In grade 11 he befriended Trevor Hughes who was a huge influence in his life and
they for the next five years became inseparable Trevor turned him onto Ginsberg
and Kerouac and Japanese and Chinese Poetry.
"At this
point in my life I became very diligent with words. There was a very Asian
influence. I loved Ginsberg but found the writing too restrictive." Creamore
recalls,. "I wrote the first half of 'Tea Leaves and Denim' before my
downward-slide and the second half after I got together with Donna."
From here
came 'Bleaker Street And Other Observations' where Marc feels he really started
to develop elongated lines and become political. Great lines such as, " Bleaker
Street, Ginsberg's children wander aimless/ on broken sidewalks, numb-eyed,
seeking/ substance in supermarket aisles stocked with/ fleeting hope and
advertisement." litter the book.
His next
book 'Corridors' (which is also available on CD) was written during another
specific time period in his life. Marc who had been going to a reading series at
the Old Times Cafe met such local talents as Steve Duncan, Diane Laloge and CR
Avery. He also met a man who would profoundly influence his life- David
Campbell.
" This guy
gets up with a guitar and starts singing about a hero. I kept going down to see
him. He was there every couple of weeks . He hit something vital in me. His work
opened me up so much."
The two men
clicked and became good friends. For two years he and Donna were involved in a
project with David called Creative Voices out of the Britannia Community Centre.

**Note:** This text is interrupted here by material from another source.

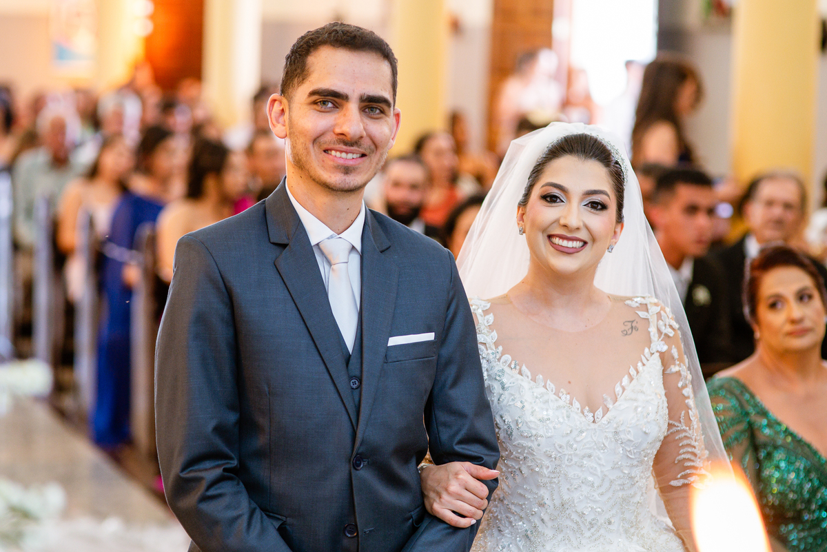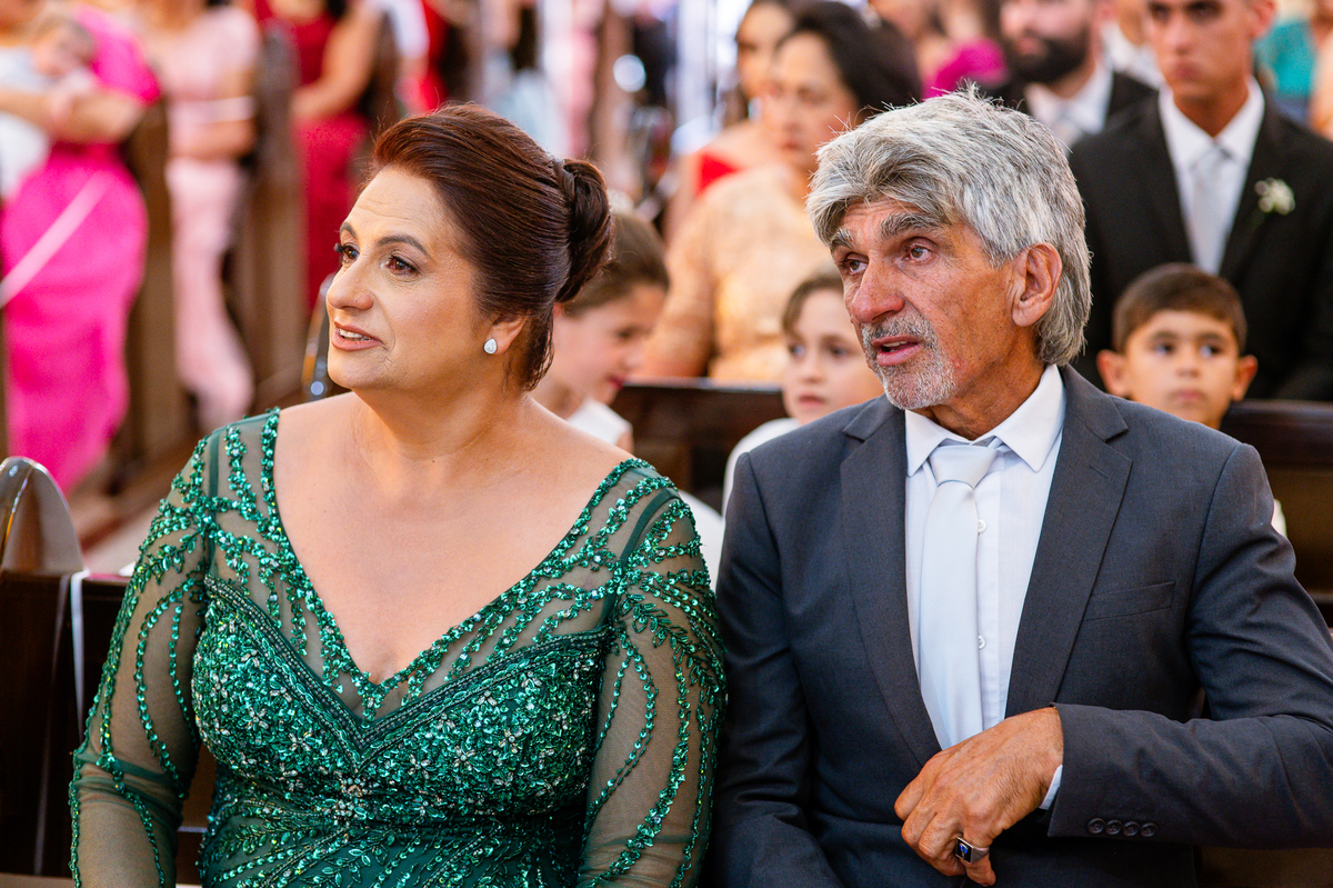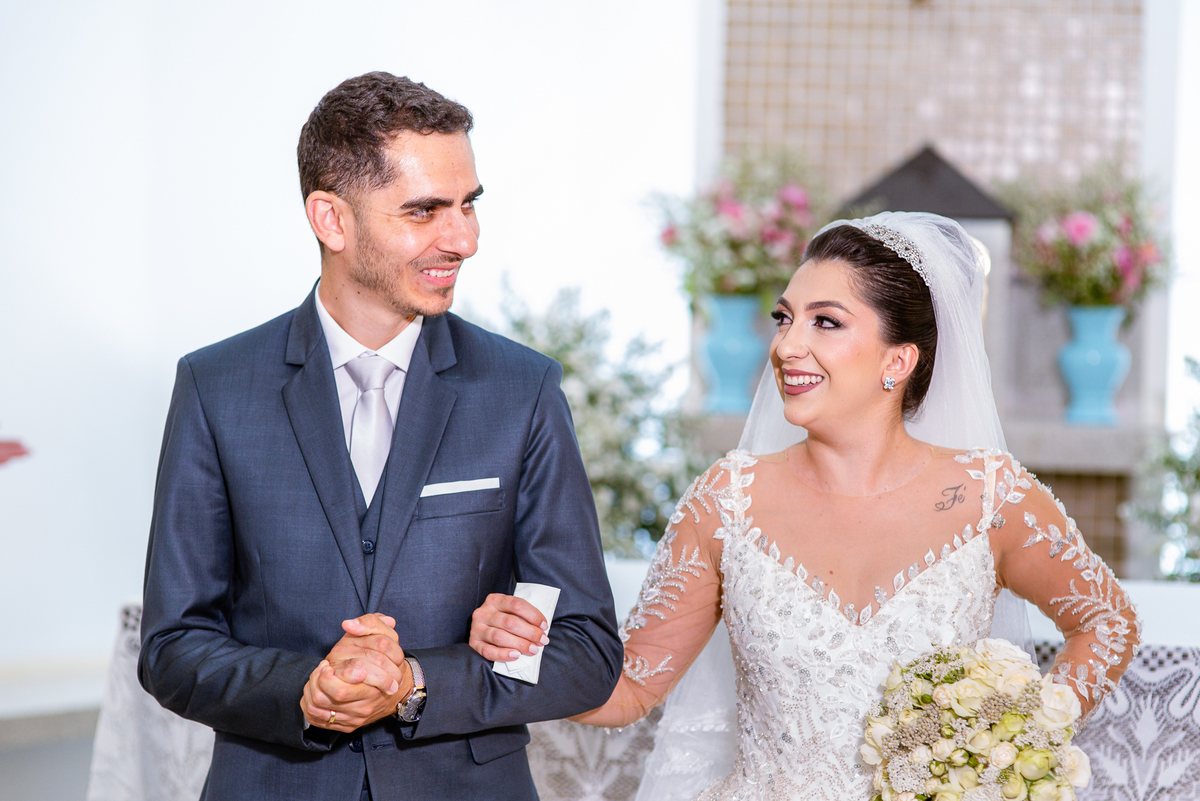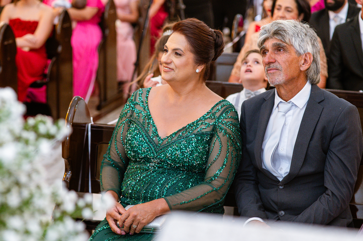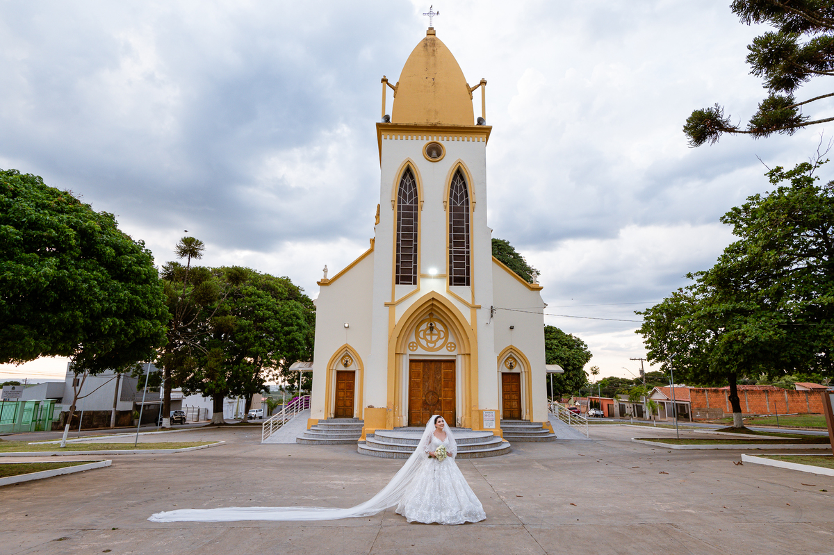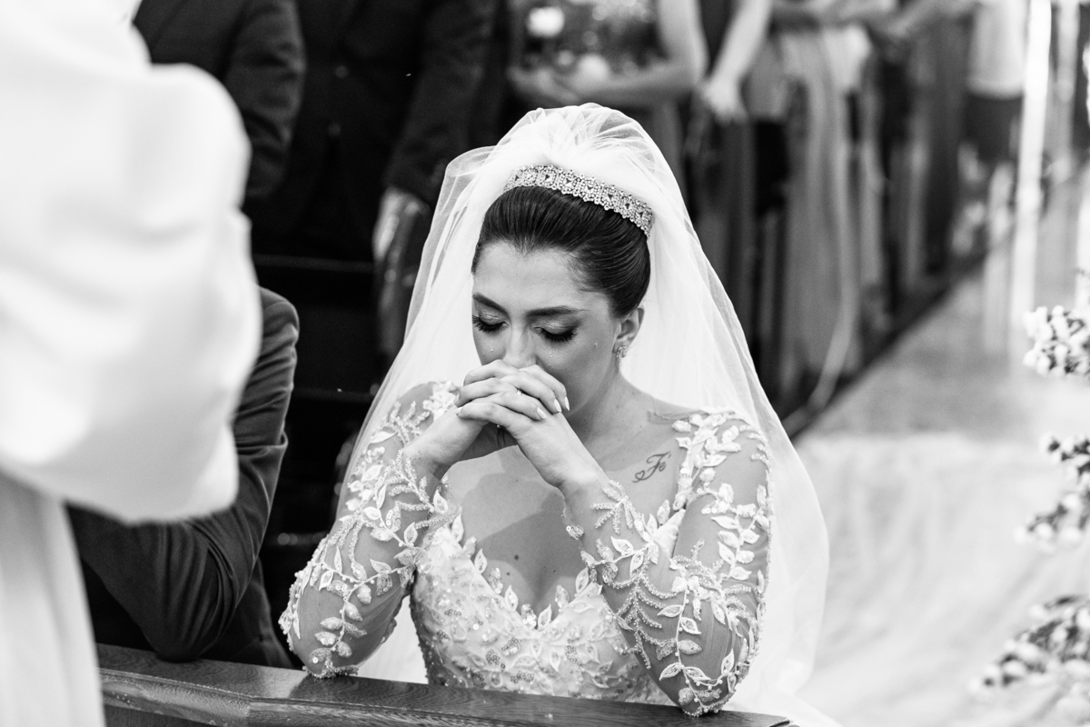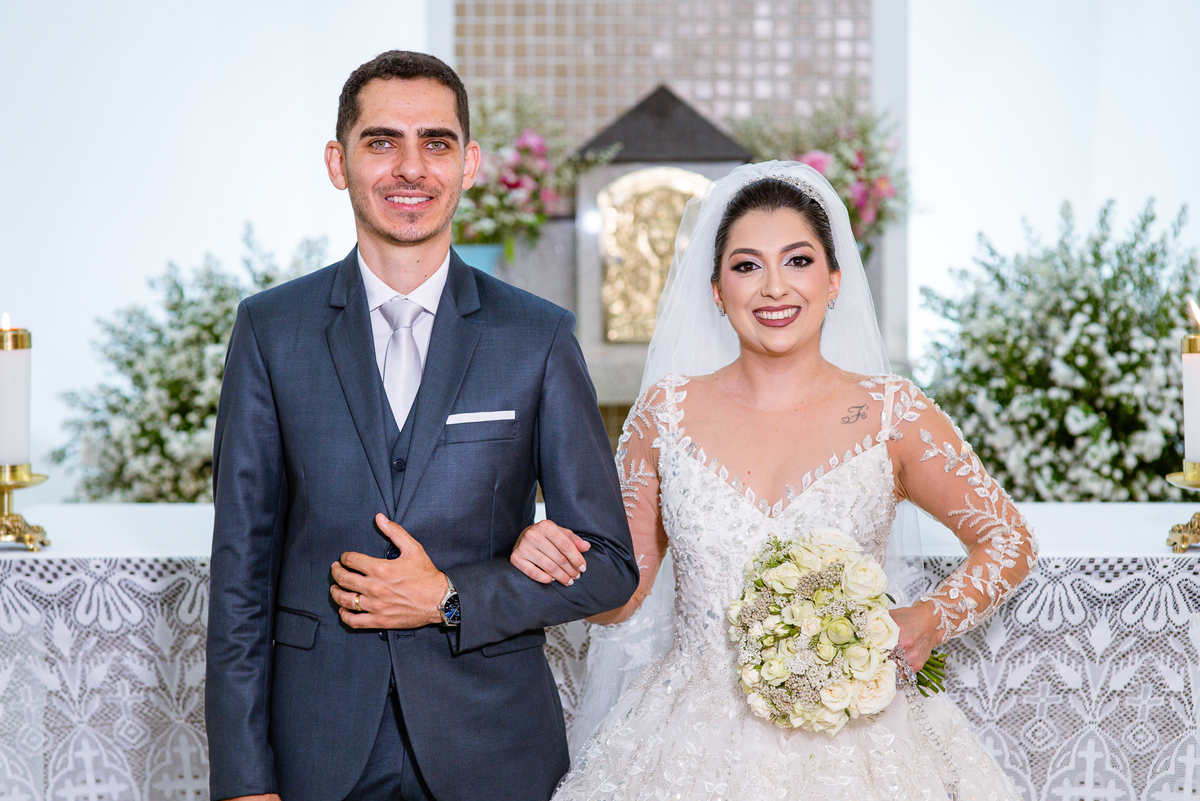 No salão, Amanda estava praticamente pronta. Era hora de colocar seu vestido. Em alguns minutos ela surgiu pronta, com seu penteado e make belíssimos e o vestido divo colocado em seu corpo. Enfim, era hora dos últimos retoques para partimos para a Igreja. Mas ainda tivemos tempo de surpresas! Até então, ela não havia visto seu buquê, e quem fez essa entrega foi a sua mãe. Quando Amanda recebeu, ela sorriu de canto a canto do rosto. Havia ficado muito além de suas expectativas. Agora o conjunto estava completo e a noiva pronta. Fizemos nossas tradicionais fotografias da noiva pronta e já seguimos pra celebração. Chegando na Igreja, os padrinhos já estavam todos alinhados pela equipe cerimonial. Fizemos as fotografias da noiva no carro e já partimos pro altar. A equipe musical estava aguardando o início e tão logo chegamos eles começaram a cantar.

Regularly 15-20 people would show up to read poetry, sing and play music. And
with all of this creative influence happening around him Marc's book became a
deeper exploration of self with a focal point on morality.
Marc
reflects, " My last book ' The Wrong Side Of The Curtain' is a continuation of
that plus the state of the planet. With the the two towers you have to wonder
why we are still in a bloody cave, beating each other with clubs. We've evolved.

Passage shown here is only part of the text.